Manliness is an important concept which this blog has alluded to before. Particularly, it has explored the relationship between the Christian tradition of downplaying Eros and separating the spirit from the flesh.  These were cultural preconditions which presage and inadvertently advanced the cause of sexual ambiguity and malleability. As this blog asserts, both masculinity and femininity become diluted when Eros is seen as irrelevant to our human natures and a Masculinity stripped of its muscles, aggression, determination and decision becomes limp wristed and and effete.

Which brings me to Rod Dreher.

His recent recent piece on L'Affair Megyn Kelly got me thinking about Christianity in general,
especially with regard to its monumental failure in the 20th Century, particularly in the West.

The 20th C was not a "good one" for the Western Church and from a demographic point of view it has essentially failed in its defence against secularism. I don't really need to explain just how far religion has fallen from the public square to the readers of this blog.  Traditionalists, like to put the blame, especially with regard to Catholicism on Vatican 2, but smarter observers had noted that the rot had set in deeply well before that.

It's important to remember just how powerful and culturally influential the Church was at the beginning of 20th C. It had the stronger hand against the Secularists and yet by the 20th C's end it was in widespread retreat.

Powerful armies can experience unexpected losses as part an parcel of the fortunes of War, but when an army suffers a string of unmitigated defeats,  questions need to be asked about the generalship of the troops. As usual, the generals will always try to deflect blame onto the troops, blaming them for their deficiencies. Likewise, amongst the traditionalists, the failure of religion in the 20thC is blamed on the faithful and not on the shepherds. The faithful have abandoned God they say, but it never occurs to them that they may be the ones at fault.

For example, the Child Abuse controversy that has plagued the Catholic Church is of a deeper problem than first appears. In large organisation such as the Church, given human nature, it is to be expected that there will be men who will abuse their position. It's also true that the Secular media will unfairly portray the abuse and distort its perspective however the inescapable fact is that the abuse was deep seated and the suppression of its discovery almost systematic. For an organisation who main mission is to bring light and truth to the world this demonstrates something profoundly wrong with it.

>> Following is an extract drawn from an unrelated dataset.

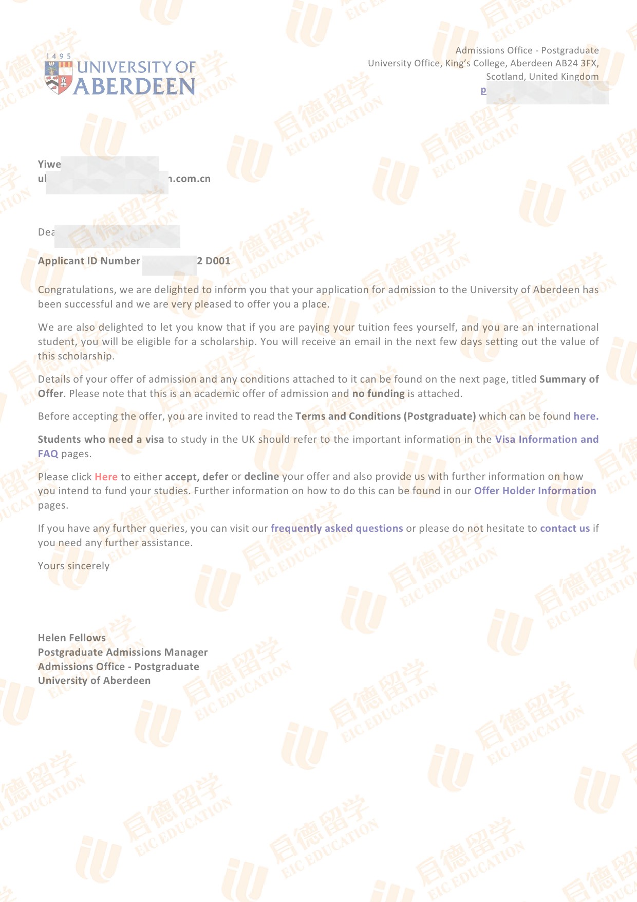 录取院校:阿伯丁大学

And let's not make a mistake here. The hierarchical mismanagement of the abuse was a clerical issue and not one of the laity. It appears, that in many instances, when the laity raised the issue of abuse to the clergy, they were ignored and sometimes threatened. The reality is that the men who ignored the teachings of Humane Vitae were men who were led by those who ignored the Ten Commandments.

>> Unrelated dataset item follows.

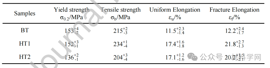 表 2. 室温下测试的 BT、HT1 和 HT2 样品的拉伸性能

Trying to understand how the abuse became institutionalised is important, if only to avoid repeating the same mistakes again. The malign elements of society see paedophilla as being a secret preoccupation with priests, for a variety of reasons this in my view is wrong. Selecting a governing caste on the basis of celibacy means that you're going to get some men who  have no attraction to women and others who have an attraction to God that overrides it.  There was a bias in the selection process which almost guaranteed that paedophiles would be selected.

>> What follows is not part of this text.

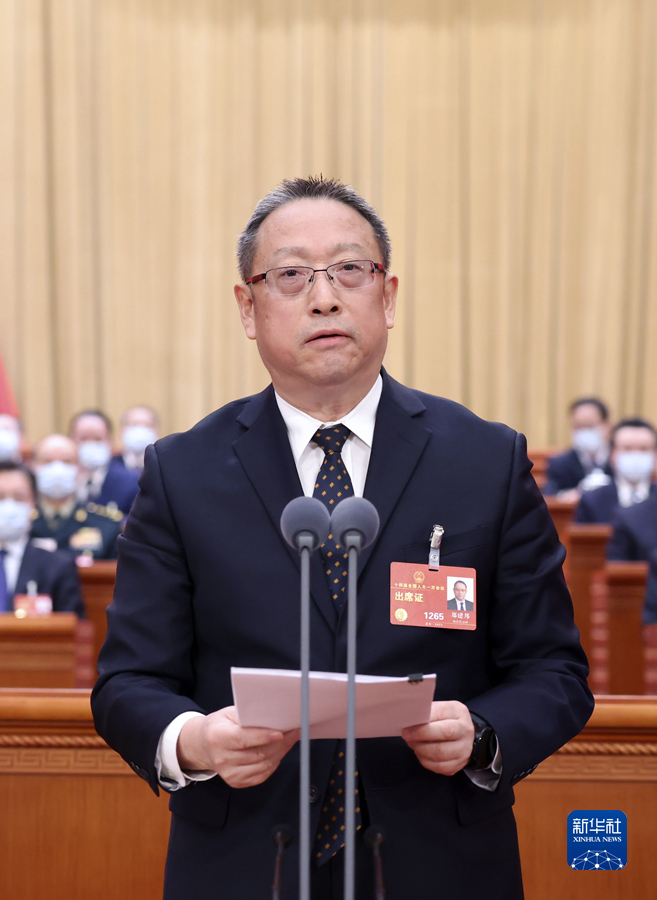 3月12日,十四屆全國人大一次會議在北京人民大會堂舉行第五次全體會議。鄭建邦主持會議。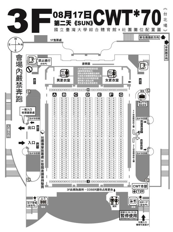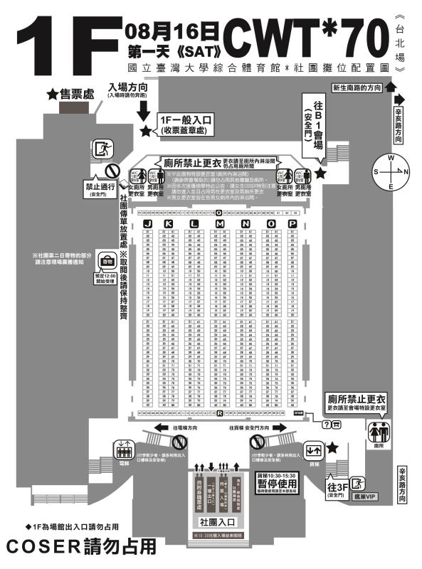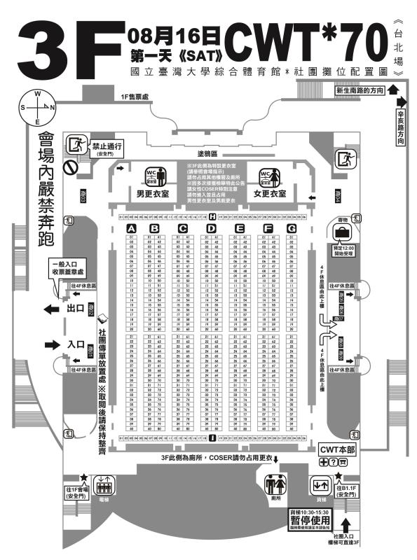 【CWT-70】《臺北場》第一天|08月16日(六)|社團攤位號碼| |

But it also needs to be remembered that Church wants to forgive men of their sins. And I imagine that many of the Priests and Bishops who heard about the abuse were prepared to forgive their brothers in the hope that they would stop sinning. Combined with a fear of Scandal, many probably hoped that the problem would go away.

At yet it didn't.

Indeed,  this effectively passive response to evil is a characteristic of the Church in the 20th C and one of the reasons why the Left has run rings around it. Christ as a passive Victim, seems to it preferred operating model amongst the hierarchy as opposed to Christ actively choosing to take a bullet for the team.  And yet the Church was not always like this, in the ages of faith it was quite happy to put the hurt on evil.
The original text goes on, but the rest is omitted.